De acordo com os dados do orçamento do governo no ano fiscal atual, o valor do subsídio ao pão foi de US$ 2,5 bilhões e o número de beneficiários dos subsídios ao pão é de 71 milhões de pessoas. Os subsídios ao pão representam 16 por cento do apoio total no orçamento geral de US$ 20 bilhões. Sua participação relativa é de 2,8 por cento dos gastos totais no orçamento, o que equivale a US$ 114 bilhões.

Podemos ver também que a taxa de subsídio é muito baixa, e a cada ano ela é reduzida em preparação para a abolição final do subsídio na implementação das condições do empréstimo do FMI, como parte do seu acordo de empréstimo ao Egito em 2016. Todos os subsídios foram reduzidos, incluindo combustível, eletricidade e muitas outras commodities estratégicas.

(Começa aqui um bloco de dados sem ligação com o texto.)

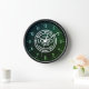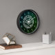 The size of the clock is dramatic and the abstract alcohol ink design is soothing and intricate at the same time. I chose the black frame that adds pop to the blue and gold design. The gold printing would be better in a slightly darker or larger font. I love it and I’m looking for just the right place in ny new apartment. I would recommend this clock for a personal gift or a present. I feel that the quality is excellent for the money! I’m a bit of a clock nut so I’m pretty particular about my purchases. The clock is larger in diameter than many if the clocks I have, so it stands out very well. I think a slightly darker printing color and a moderately larger size would best suit a professional decor or add more impact in a work place item.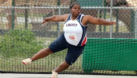 Liberty freshman Mychelle Cumings unleashed a 159-3 throw in the women's discus competition, Friday afternoon at the Robert C. Haugh Track & Field Complex. That effort netted an eighth-place finish at the 2012 USA Junior Outdoor Track & Field Championships.
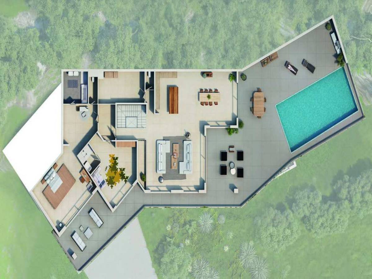 Layout: Six principal rooms organized around generous volumes and seamless indoor-outdoor flow.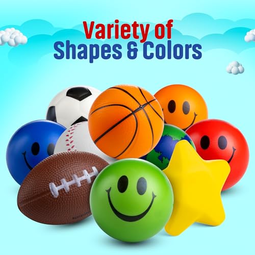 Specification: Bulk Mini Stress Balls for Kids (25 Pack) 2-3 Inch Soft Squeezable Squishy Fidget Toys Balls, Variety of Shapes & Colors, for Kids Party Favors & Goody Bag Stuffers, Birthday Gifts for Boys & Girls

Com o aumento da pobreza, esse subsídio alimentar representa um apoio básico para a maioria das famílias egípcias, pois há cerca de 30,3 milhões de egípcios vivendo abaixo da linha da pobreza. Dada a propagação da pandemia do coronavírus, as taxas de pobreza aumentaram e, portanto, teria sido melhor aumentar as alocações de apoio alimentar ou pelo menos mantê-las.

Esse apoio é um direito inerente ao cidadão, como sejam os fundos de educação, saúde e assistência, os quais são integralmente financiados pelos contribuintes, ou seja, com o dinheiro do povo e do bolso do cidadão e não do governo. Existem muitas alternativas às quais o governo pode recorrer para suprir o déficit orçamentário e ganhar os US$ 446 milhões que pretende arrecadar com a decisão de aumentar o preço de um pão.

O pão é o ‘fardo da vida’ no Egito, é o alimento que preserva a dignidade de milhões de cidadãos do país.

Tenha misericórdia dos pobres, caso contrário, as consequências serão terríveis. Consulte a história para provas e aprenda com ela.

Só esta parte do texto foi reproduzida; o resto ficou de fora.